= Woeseian revolution =

Three-domain tree of life

The Woeseian revolution was the progression of the phylogenetic tree of life concept from two main divisions, known as the Prokarya and Eukarya, into three domains now classified as Bacteria, Archaea, and Eukaryotes. The discovery of the new domain stemmed from the work of biophysicist Carl Woese in 1977 from a principle of evolutionary biology designated as Woese's dogma. It states that the evolution of ribosomal RNA (rRNA) was a necessary precursor to the evolution of modern life forms. Although the three-domain system has been widely accepted, the initial introduction of Woese’s discovery received criticism from the scientific community.

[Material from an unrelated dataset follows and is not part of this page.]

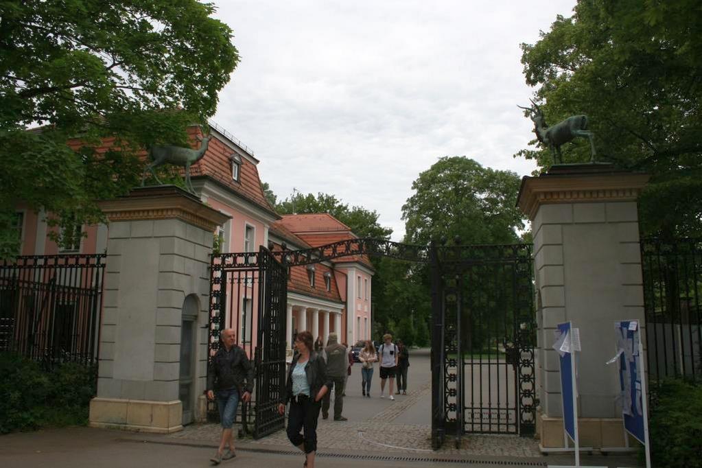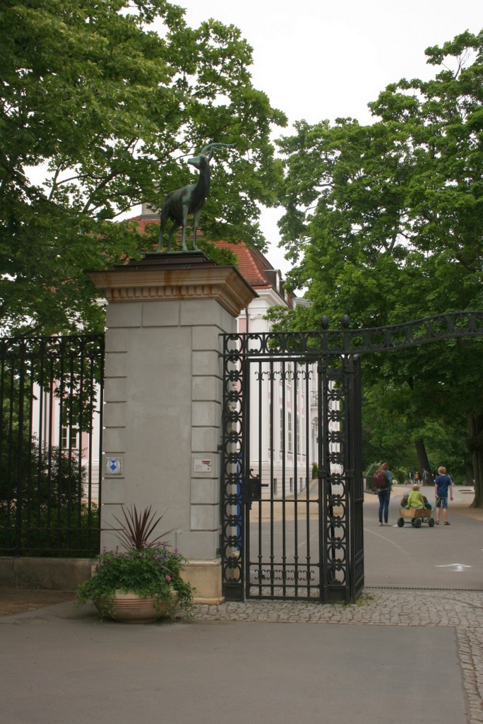 Auf den gemauerten und verputzten Vierkant-Pfeilern des Haupttores am Eingang zum Schlosspark Friedrichsfelde im Tierpark stehen, einander antithetisch gegenüberstehend auf sehr flachen, quadratischen Standplatten die beiden zierlichen Gazellen-Figuren. Die Köpfe der Tiere sind jeweils zur einander abgewandten Seite gewendet (Jörg Kuhn).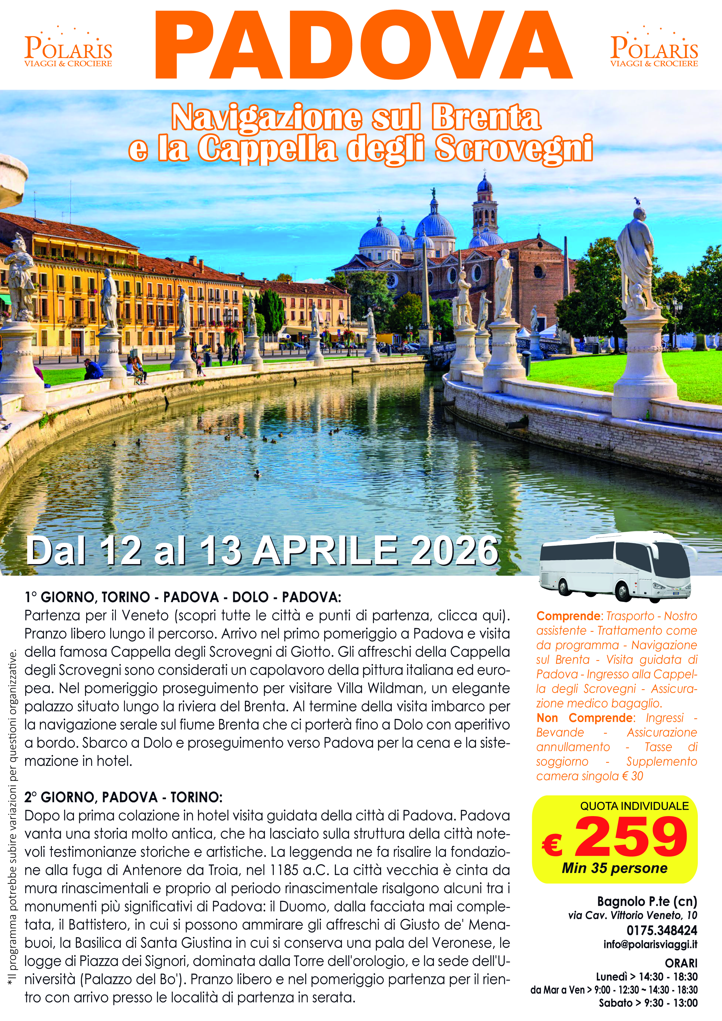 La quota comprende posto riservato nelle prime due file del bus. Il prezzo del biglietto è valido a titolo di acconto. Il saldo del viaggio può essere effettuato direttamente in agenzia o tramite Bonifico (IBAN: IT95P0200845950000100965234 - destinatario: PIANETA POLARIS DI BRUNO ALDO - causale: NOME E COGNOME + VIAGGIO + DATA VIAGGIO).

== Phylogenetic implications ==
The basis of phylogenetics was limited by the technology of the time, which led to a greater dependence on phenotypic classification before advances that would allow for molecular organization methods. This was a major reason why the dichotomy of all living things being either animal or plant in nature was deemed an acceptable theory. Without truly understanding the genetic implication of each organismal classification in phylogenies via nucleic acid sequencing of shared molecular material, the phylogenetic tree of life and other such phylogenies would no doubt be incorrect. Woese’s advances in molecular sequencing and phylogenetic organization allowed for a better understanding of the three domains of life - the Bacteria, Archaea, and Eukaryotes. Regarding their varying types of shared rRNA, the small subunit rRNA was deemed as the best molecule to sequence to distinguish phylogenetic relationships because of its relatively small size, ease of isolation, and universal distribution.

== Controversy ==
This reorganization caused an initial pushback: it wasn't accepted until nearly a decade after its publication. Possible factors that led to initial criticisms of his discovery included Woese's oligonucleotide cataloging, of which he was one of "only two or three people in the world" to be able to execute this method, let alone read the films. Further, Woese's background was in physics, whereas most of the research was being done in microbiology.